*** Entries shown ***

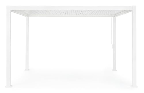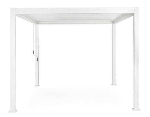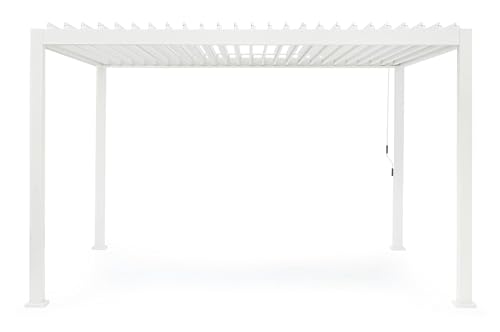 Durch die Edelstahlschrauben haben Sie die Gewissheit, ein robustes, wetterfestes Produkt zu kaufen, das Ihnen somit höchste Qualität bietet, wie nur Bizzotto das tun kann. Mit nur wenigen Handgriffen können Sie vor der Hitze der Sonne oder der abendlichen Brise geschützt werden, indem Sie die Klingen ausrichten, und bei plötzlichem Regen kein Problem: Die Abdeckung des Daches der Pergola Ocean bietet maximalen Schutz vor Wasser, und das integrierte Abfluss-System sorgt dafür, dass Sie und Ihre Gäste die Momente der Entspannung genießen können, ohne Angst vor jedem Wetter zu haben.
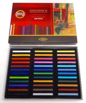 Soupravy uměleckých trvdých pastelů hranolovitého tvaru.
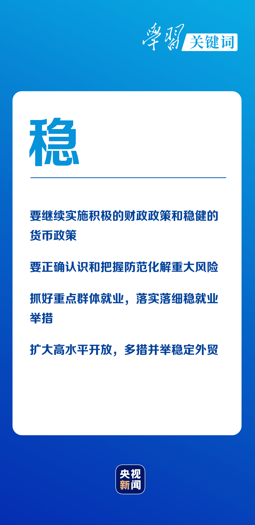 “穩(wěn)”的重點是放在穩(wěn)住經濟運行上——穩(wěn)就業(yè)、穩(wěn)金融、穩(wěn)外貿、穩(wěn)外資,從而提振市場信心,保持經濟持續(xù)健康發(fā)展和社會大局穩(wěn)定,增強人民群眾獲得感、幸福感、安全感。
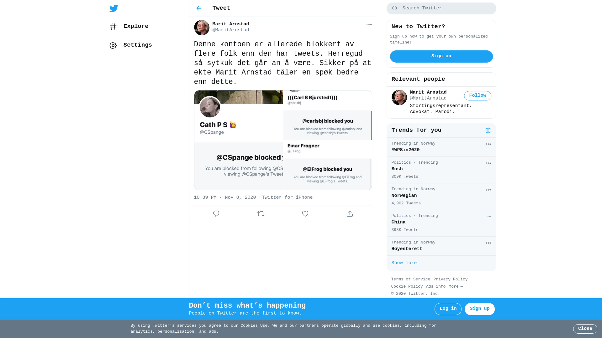 Denne kontoen er allerede blokkert av flere folk enn den har tweets. Herregud så sytkuk det går an å være. Sikker på at ekte Marit Arnstad tåler en spøk bedre enn dette. https://t.co/NN9IBzJf41
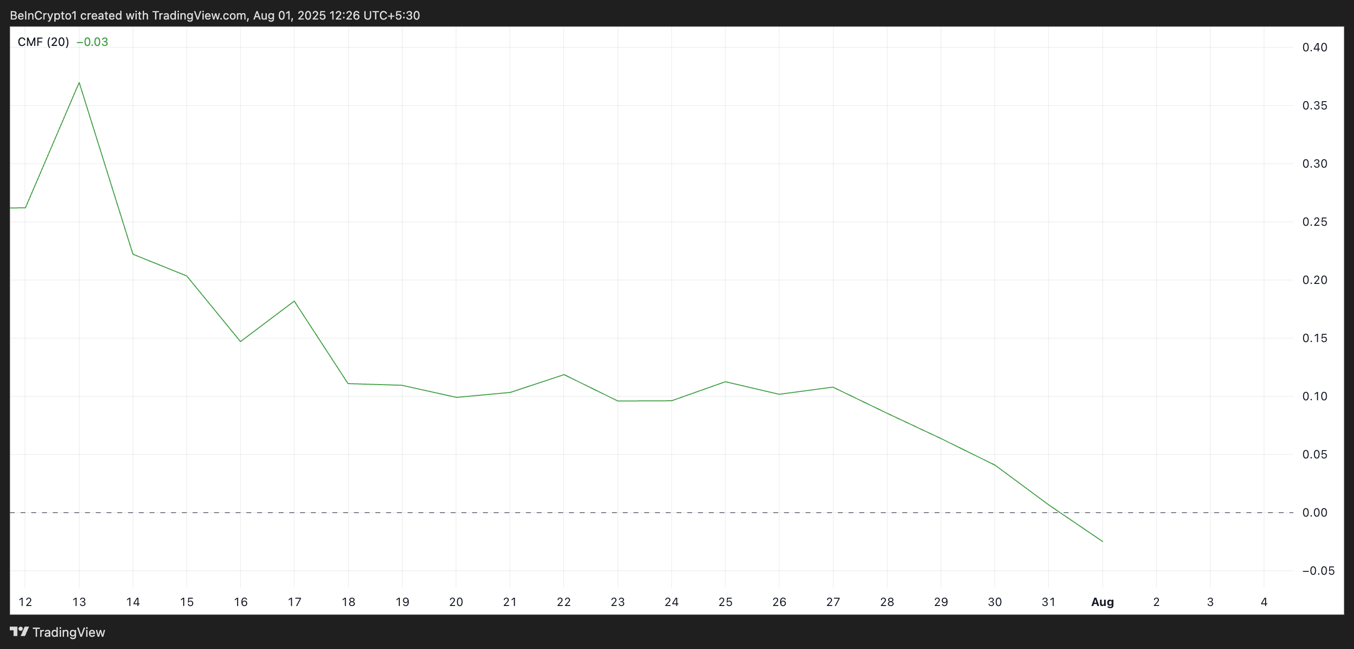 Tätä laskunäkymää vahvistaa se, että XLM:n Chaikin Money Flow (CMF) on laskenut nollaviivan alapuolelle—toinen varoitusmerkki, joka viittaa jatkuvaan laskuun elokuussa. CMF-lukema on -0,03 kirjoitushetkellä, mikä osoittaa nettokapitalin ulosvirtausta XLM:n spot-markkinoilta.
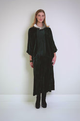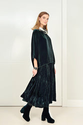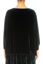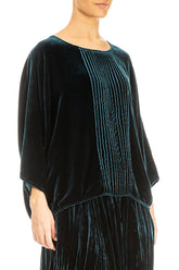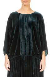 Confectionné en velours de soie somptueux, ce chemisier présente une silhouette fluide et décontractée, des manches dolman souples et un devant légèrement plissé pour une allure naturelle. D'une grande polyvalence, il se superpose avec élégance à un pantalon ou une jupe pour un look à la fois raffiné et facile à porter.
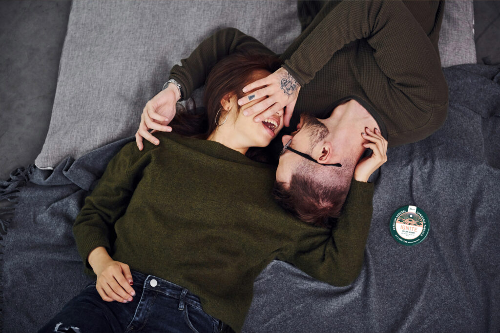 Image Alt Text: A couple lies together on a blanket, laughing and cuddling, with a tin of Revival Ignite cannabis tablets placed beside them.
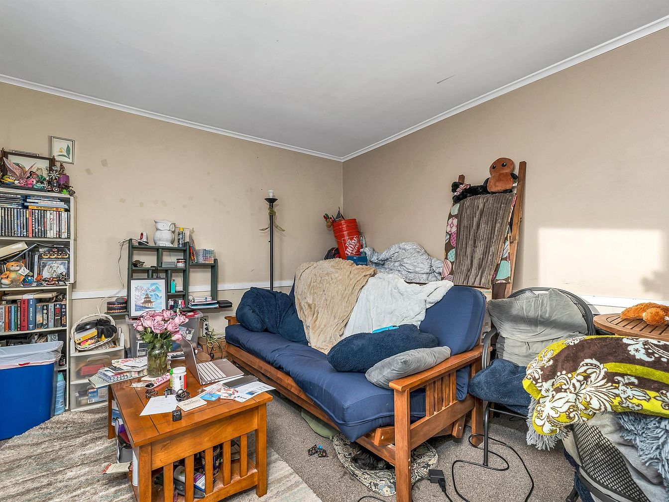 A cozy living room space with a warm, inviting atmosphere. The walls are adorned in a soft beige tone, creating a neutral backdrop for the furnishings. A comfortable blue sofa is piled with colorful throws, suggesting relaxation. Nearby, a wooden coffee table displays scattered magazines and personal items, enhancing the lived-in feel. Dark wooden shelves hold a collection of books and decorative figurines, while a vase of pink roses adds a burst of color. In one corner, a small desk supports a laptop, indicating a multi-functional area. Overall, the room blends comfort with a hint of personality.

*** End of Entries shown ***

_What you should do_
Could you copy exactly, and with no pictures, the lines above from the one containing "Tätä laskunäkymää vahvistaa" through the last line, both included?

_Result of the task_
 Tätä laskunäkymää vahvistaa se, että XLM:n Chaikin Money Flow (CMF) on laskenut nollaviivan alapuolelle—toinen varoitusmerkki, joka viittaa jatkuvaan laskuun elokuussa. CMF-lukema on -0,03 kirjoitushetkellä, mikä osoittaa nettokapitalin ulosvirtausta XLM:n spot-markkinoilta.
 Confectionné en velours de soie somptueux, ce chemisier présente une silhouette fluide et décontractée, des manches dolman souples et un devant légèrement plissé pour une allure naturelle. D'une grande polyvalence, il se superpose avec élégance à un pantalon ou une jupe pour un look à la fois raffiné et facile à porter.
 Image Alt Text: A couple lies together on a blanket, laughing and cuddling, with a tin of Revival Ignite cannabis tablets placed beside them.
 A cozy living room space with a warm, inviting atmosphere. The walls are adorned in a soft beige tone, creating a neutral backdrop for the furnishings. A comfortable blue sofa is piled with colorful throws, suggesting relaxation. Nearby, a wooden coffee table displays scattered magazines and personal items, enhancing the lived-in feel. Dark wooden shelves hold a collection of books and decorative figurines, while a vase of pink roses adds a burst of color. In one corner, a small desk supports a laptop, indicating a multi-functional area. Overall, the room blends comfort with a hint of personality.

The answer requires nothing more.